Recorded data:

========================

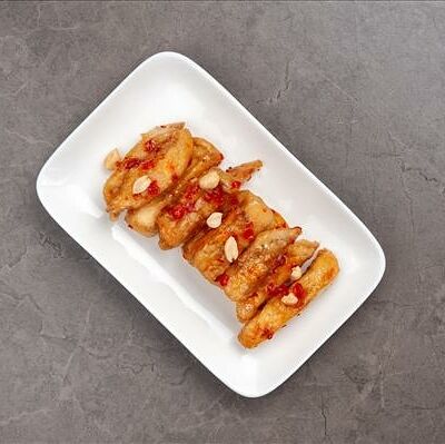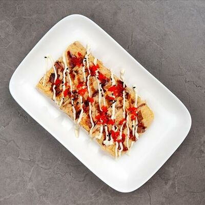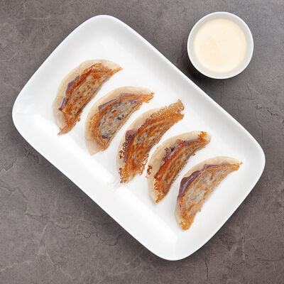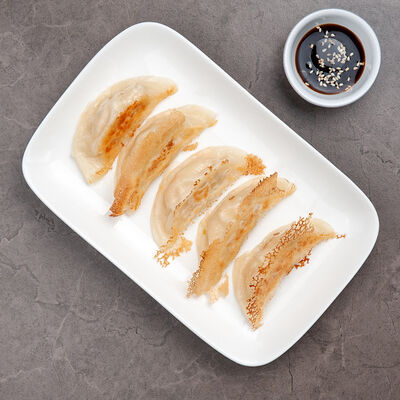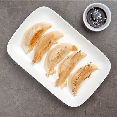 Свинина, пекинская капуста, лук, чеснок, имбирь, пшеничное тесто. Гёдза - классические японские пельмени, приготовленные на пару, а затем обжаренные до хрустящей корочки. Отдельно подаётся соевый соус с кунжутом
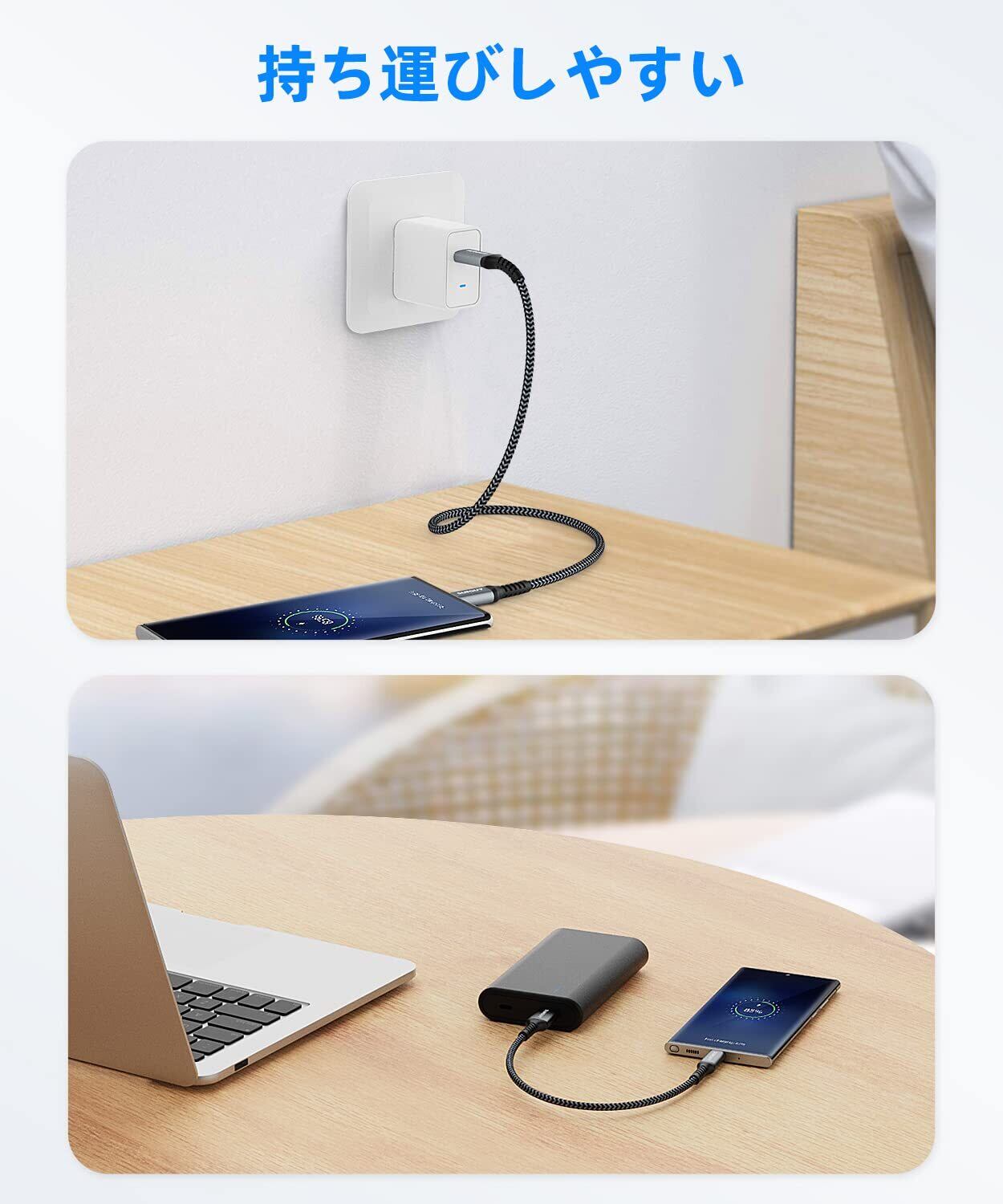 【0.3m 短いtype cケーブル】短い距離でスマートフォンを充電することできます。自宅、オフィス、車に簡単に保管でき、持ち運びもやすくて巻き取りなし。旅行中にも充電を完成して、とても便利です。
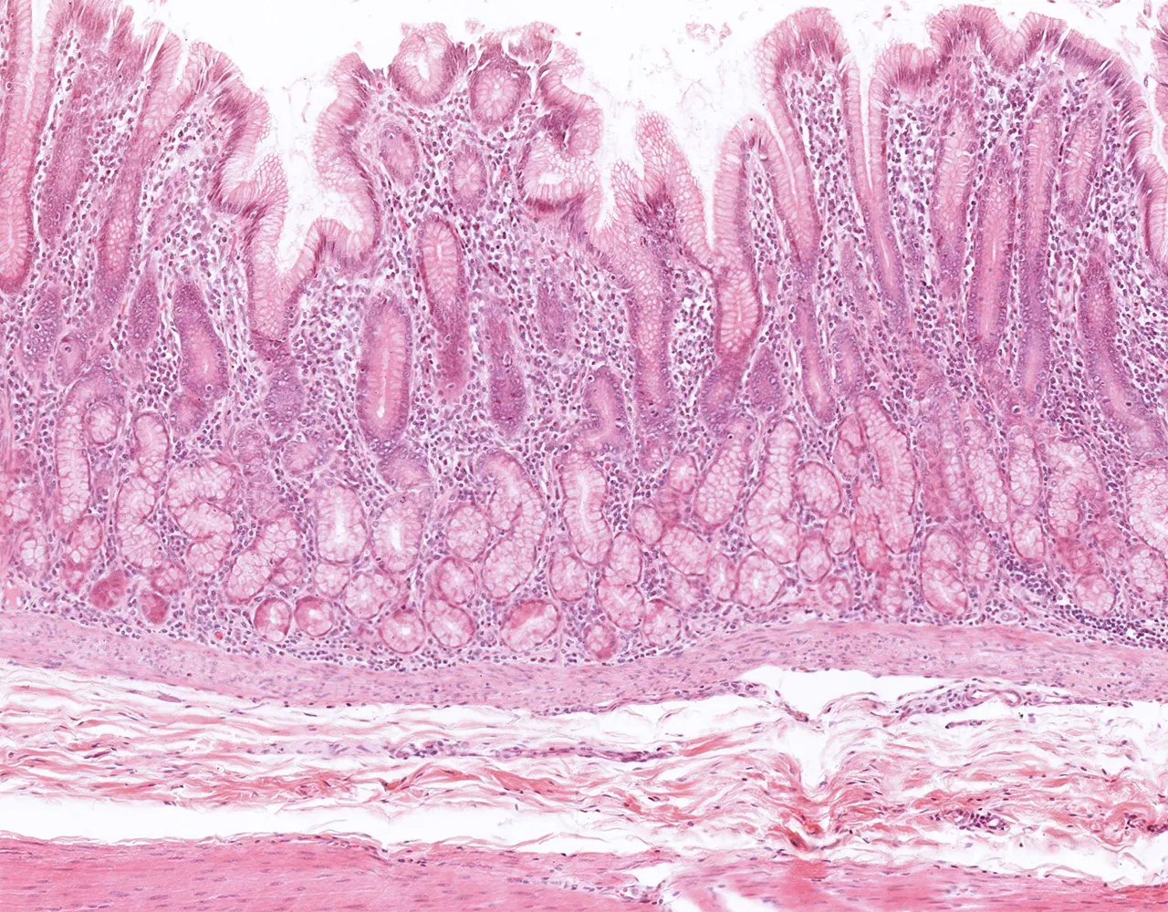 - The wall of the stomach is composed of four layers, from the innermost to the outermost: mucosa, submucosa, muscularis propria, and serosa.
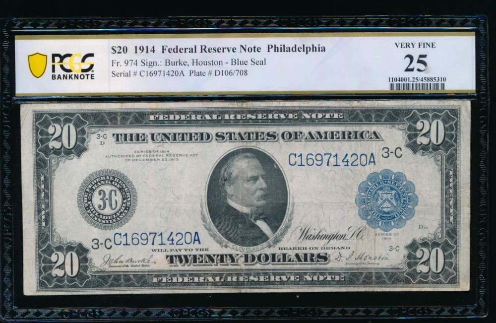 One 1914 $20 Philadelphia FRN PCGS 25.
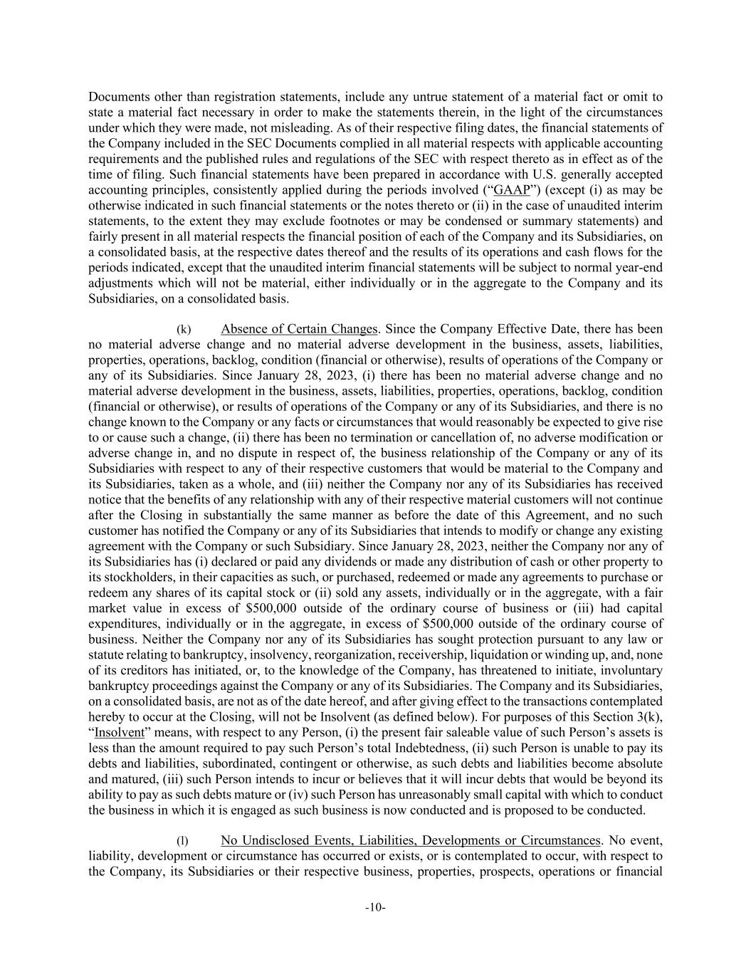 -10- Documents other than registration statements, include any untrue statement of a material fact or omit to state a material fact necessary in order to make the statements therein, in the light of the circumstances under which they were made, not misleading. As of their respective filing dates, the financial statements of the Company included in the SEC Documents complied in all material respects with applicable accounting requirements and the published rules and regulations of the SEC with respect thereto as in effect as of the time of filing. Such financial statements have been prepared in accordance with U.S. generally accepted accounting principles, consistently applied during the periods involved (“GAAP”) (except (i) as may be otherwise indicated in such financial statements or the notes thereto or (ii) in the case of unaudited interim statements, to the extent they may exclude footnotes or may be condensed or summary statements) and fairly present in all material respects the financial position of each of the Company and its Subsidiaries, on a consolidated basis, at the respective dates thereof and the results of its operations and cash flows for the periods indicated, except that the unaudited interim financial statements will be subject to normal year-end adjustments which will not be material, either individually or in the aggregate to the Company and its Subsidiaries, on a consolidated basis. (k) Absence of Certain Changes. Since the Company Effective Date, there has been no material adverse change and no material adverse development in the business, assets, liabilities, properties, operations, backlog, condition (financial or otherwise), results of operations of the Company or any of its Subsidiaries. Since January 28, 2023, (i) there has been no material adverse change and no material adverse development in the business, assets, liabilities, properties, operations, backlog, condition (financial or otherwise), or results of operations of the Company or any of its Subsidiaries, and there is no change known to the Company or any facts or circumstances that would reasonably be expected to give rise to or cause such a change, (ii) there has been no termination or cancellation of, no adverse modification or adverse change in, and no dispute in respect of, the business relationship of the Company or any of its Subsidiaries with respect to any of their respective customers that would be material to the Company and its Subsidiaries, taken as a whole, and (iii) neither the Company nor any of its Subsidiaries has received notice that the benefits of any relationship with any of their respective material customers will not continue after the Closing in substantially the same manner as before the date of this Agreement, and no such customer has notified the Company or any of its Subsidiaries that intends to modify or change any existing agreement with the Company or such Subsidiary. Since January 28, 2023, neither the Company nor any of its Subsidiaries has (i) declared or paid any dividends or made any distribution of cash or other property to its stockholders, in their capacities as such, or purchased, redeemed or made any agreements to purchase or redeem any shares of its capital stock or (ii) sold any assets, individually or in the aggregate, with a fair market value in excess of $500,000 outside of the ordinary course of business or (iii) had capital expenditures, individually or in the aggregate, in excess of $500,000 outside of the ordinary course of business. Neither the Company nor any of its Subsidiaries has sought protection pursuant to any law or statute relating to bankruptcy, insolvency, reorganization, receivership, liquidation or winding up, and, none of its creditors has initiated, or, to the knowledge of the Company, has threatened to initiate, involuntary bankruptcy proceedings against the Company or any of its Subsidiaries. The Company and its Subsidiaries, on a consolidated basis, are not as of the date hereof, and after giving effect to the transactions contemplated hereby to occur at the Closing, will not be Insolvent (as defined below). For purposes of this Section 3(k), “Insolvent” means, with respect to any Person, (i) the present fair saleable value of such Person’s assets is less than the amount required to pay such Person’s total Indebtedness, (ii) such Person is unable to pay its debts and liabilities, subordinated, contingent or otherwise, as such debts and liabilities become absolute and matured, (iii) such Person intends to incur or believes that it will incur debts that would be beyond its ability to pay as such debts mature or (iv) such Person has unreasonably small capital with which to conduct the business in which it is engaged as such business is now conducted and is proposed to be conducted. (l) No Undisclosed Events, Liabilities, Developments or Circumstances. No event, liability, development or circumstance has occurred or exists, or is contemplated to occur, with respect to the Company, its Subsidiaries or their respective business, properties, prospects, operations or financial

========================

**WHAT TO DO**
Transcribe every record above in full. Pictures stay out of the copy.

**FINISHED TASK**
 Свинина, пекинская капуста, лук, чеснок, имбирь, пшеничное тесто. Гёдза - классические японские пельмени, приготовленные на пару, а затем обжаренные до хрустящей корочки. Отдельно подаётся соевый соус с кунжутом
 【0.3m 短いtype cケーブル】短い距離でスマートフォンを充電することできます。自宅、オフィス、車に簡単に保管でき、持ち運びもやすくて巻き取りなし。旅行中にも充電を完成して、とても便利です。
 - The wall of the stomach is composed of four layers, from the innermost to the outermost: mucosa, submucosa, muscularis propria, and serosa.
 One 1914 $20 Philadelphia FRN PCGS 25.
 -10- Documents other than registration statements, include any untrue statement of a material fact or omit to state a material fact necessary in order to make the statements therein, in the light of the circumstances under which they were made, not misleading. As of their respective filing dates, the financial statements of the Company included in the SEC Documents complied in all material respects with applicable accounting requirements and the published rules and regulations of the SEC with respect thereto as in effect as of the time of filing. Such financial statements have been prepared in accordance with U.S. generally accepted accounting principles, consistently applied during the periods involved (“GAAP”) (except (i) as may be otherwise indicated in such financial statements or the notes thereto or (ii) in the case of unaudited interim statements, to the extent they may exclude footnotes or may be condensed or summary statements) and fairly present in all material respects the financial position of each of the Company and its Subsidiaries, on a consolidated basis, at the respective dates thereof and the results of its operations and cash flows for the periods indicated, except that the unaudited interim financial statements will be subject to normal year-end adjustments which will not be material, either individually or in the aggregate to the Company and its Subsidiaries, on a consolidated basis. (k) Absence of Certain Changes. Since the Company Effective Date, there has been no material adverse change and no material adverse development in the business, assets, liabilities, properties, operations, backlog, condition (financial or otherwise), results of operations of the Company or any of its Subsidiaries. Since January 28, 2023, (i) there has been no material adverse change and no material adverse development in the business, assets, liabilities, properties, operations, backlog, condition (financial or otherwise), or results of operations of the Company or any of its Subsidiaries, and there is no change known to the Company or any facts or circumstances that would reasonably be expected to give rise to or cause such a change, (ii) there has been no termination or cancellation of, no adverse modification or adverse change in, and no dispute in respect of, the business relationship of the Company or any of its Subsidiaries with respect to any of their respective customers that would be material to the Company and its Subsidiaries, taken as a whole, and (iii) neither the Company nor any of its Subsidiaries has received notice that the benefits of any relationship with any of their respective material customers will not continue after the Closing in substantially the same manner as before the date of this Agreement, and no such customer has notified the Company or any of its Subsidiaries that intends to modify or change any existing agreement with the Company or such Subsidiary. Since January 28, 2023, neither the Company nor any of its Subsidiaries has (i) declared or paid any dividends or made any distribution of cash or other property to its stockholders, in their capacities as such, or purchased, redeemed or made any agreements to purchase or redeem any shares of its capital stock or (ii) sold any assets, individually or in the aggregate, with a fair market value in excess of $500,000 outside of the ordinary course of business or (iii) had capital expenditures, individually or in the aggregate, in excess of $500,000 outside of the ordinary course of business. Neither the Company nor any of its Subsidiaries has sought protection pursuant to any law or statute relating to bankruptcy, insolvency, reorganization, receivership, liquidation or winding up, and, none of its creditors has initiated, or, to the knowledge of the Company, has threatened to initiate, involuntary bankruptcy proceedings against the Company or any of its Subsidiaries. The Company and its Subsidiaries, on a consolidated basis, are not as of the date hereof, and after giving effect to the transactions contemplated hereby to occur at the Closing, will not be Insolvent (as defined below). For purposes of this Section 3(k), “Insolvent” means, with respect to any Person, (i) the present fair saleable value of such Person’s assets is less than the amount required to pay such Person’s total Indebtedness, (ii) such Person is unable to pay its debts and liabilities, subordinated, contingent or otherwise, as such debts and liabilities become absolute and matured, (iii) such Person intends to incur or believes that it will incur debts that would be beyond its ability to pay as such debts mature or (iv) such Person has unreasonably small capital with which to conduct the business in which it is engaged as such business is now conducted and is proposed to be conducted. (l) No Undisclosed Events, Liabilities, Developments or Circumstances. No event, liability, development or circumstance has occurred or exists, or is contemplated to occur, with respect to the Company, its Subsidiaries or their respective business, properties, prospects, operations or financial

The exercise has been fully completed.